俺たちの小隊に上層部の気を伺うような命令が下され、全員が新型小銃片手に何処か浮き足だった様子になっている頃。俺はコードル軍曹に会いに行っていた。
「ーー今まで有難うございました」
「ちっ・・・ドムめ・・・」
あぁ、やっぱりそうだったんですね。俺は魔法兵にするための訓練でしたか。そう感じて思わず心があったかくなりそうに・・・・・・
「新米、よく聞いとけ。俺達は兵士。軍と言うのは規則の塊。俺には地位がねぇ。本当ならお前さんをここに置いていきたいが・・・・・・命令だ。俺たちは遂行しなきゃならん。誰が目を見張っているかわからん。だからお前は塹壕から出たら守るものはねぇ。とにかく頭を下げて走れ。幾ら夜でもサーチライトに照らされたら終わりだ。よく覚えとけ」
「りょ、了解しました」
そう言い、俺は小隊長の警告に敬礼で答えた。さっきの暖かさなどどっかに霧散していた。
数時間後、深夜に砲撃が始まった。それと同時に兵士たちが塹壕から飛び出す準備を始める。片手には新しい小銃を持ち、クリップをはめ込んでいた。
そして、砲撃の嵐が終わると一斉に兵士が飛び出す。夜の為か機関銃座の発砲炎がよく見え、俺は新型小銃に魔法弾を装填して引き金を引く。弾丸が真っ直ぐ飛んで行き、炎を纏わせる。
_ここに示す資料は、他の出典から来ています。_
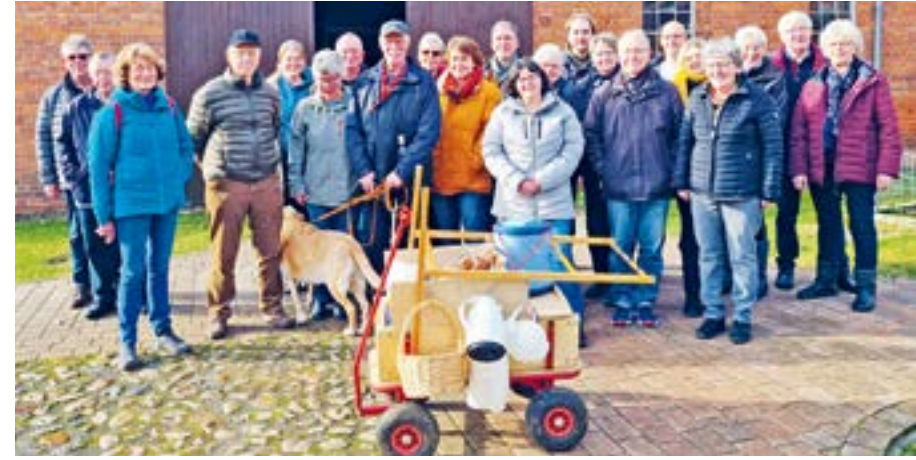
Bei strahlendem Sonnenschein starteten die Nachbarn „Der gemütlichen Ecke“ zur Kohltour.

STEDORF. Am 10. Februar war es wieder soweit: Die Kohltour dabei. Nach einem angelieferten schmackhaften Grünkohlessen bei Meyers, wo diese Treffen dankenswerterweise immer stattfinden, führte die Tour hinter der Schlechtwetterperiode stattgefunden. Um die dreißig Mal haben sie schon diese gemeinsamen Kohltouren unternommen und immer eine Menge Spaß dabei. Nach einem angelieferten schmackhaften Grünkohlessen bei Meyers, wo diese Treffen dankenswerterweise immer stattfinden, führte die Tour hinter der Schlechtwetterperiode stattgefunden. Um die dreißig Mal haben sie schon diese gemeinsamen Kohltouren unternommen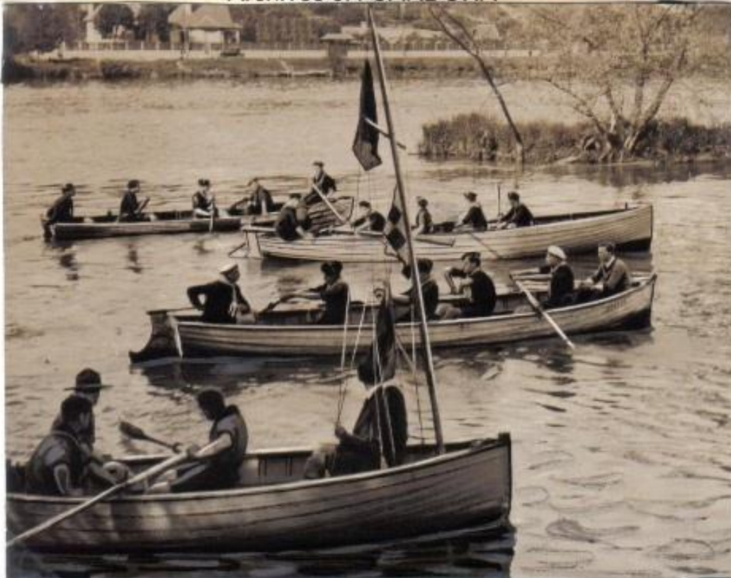
Casquette EDF chef marin 1930- Bachi EDF chef marin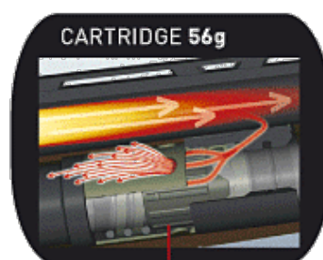
ACTIVE VALVE SYSTEM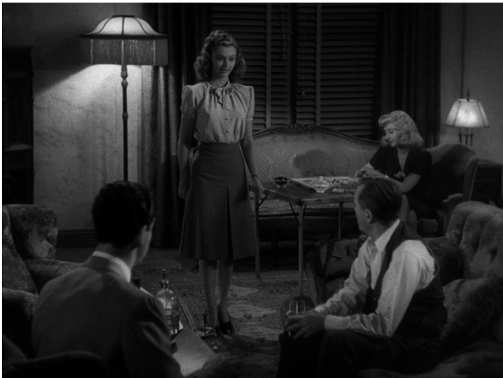
Salon, Assurance sur la mort , Billy Wilder, 1944.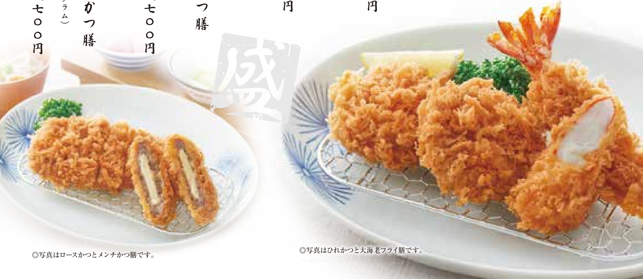
◎写真はロースかつとメンチかつ膳です。

しかし、雨が降っていることもあり日は直ぐに鎮火し、明かりが消える。地面は泥だらけになり、ぬかるんでおり、今にもこけそうになった。
雨の中、サーチライトがさまざまな方向に灯を向け、俺たちの影を探す。サーチライトが照らされた先に機関銃が向かい、銃が放たれる。
その恐怖に駆られていると思わず足がつまずいてしまった。
「わぶっ!?」
俺がこけるも周りの兵士たちはお構いなしで走り抜ける。真夜中大雨の突撃は敵に混乱をさせるもこちらも見えないと言うことで塹壕の穴に転落したり、鉄条網に気付かずに引っかかって怪我をしたり、サーチライトに照らされた影に集中砲火を浴びるなど被害もあった。
敵味方の砲撃が飛び交い、泥が飛び交う。兵士が飛ばされ、中には肉塊となって目の前に飛んできたのもあった。だんだんと慣れてきた光景に俺は落とした小銃を持つと次の塹壕に向かって走る。
「はぁ・・・はぁ・・・」
敵味方の砲撃が飛んでくる中、俺は顔を泥だらけにしながら前進する。今思えばこの時輝が俺を謀殺しようがどうでもよかったのかもしれない。そのくらい俺は夢中で雨の中を走り抜けていた。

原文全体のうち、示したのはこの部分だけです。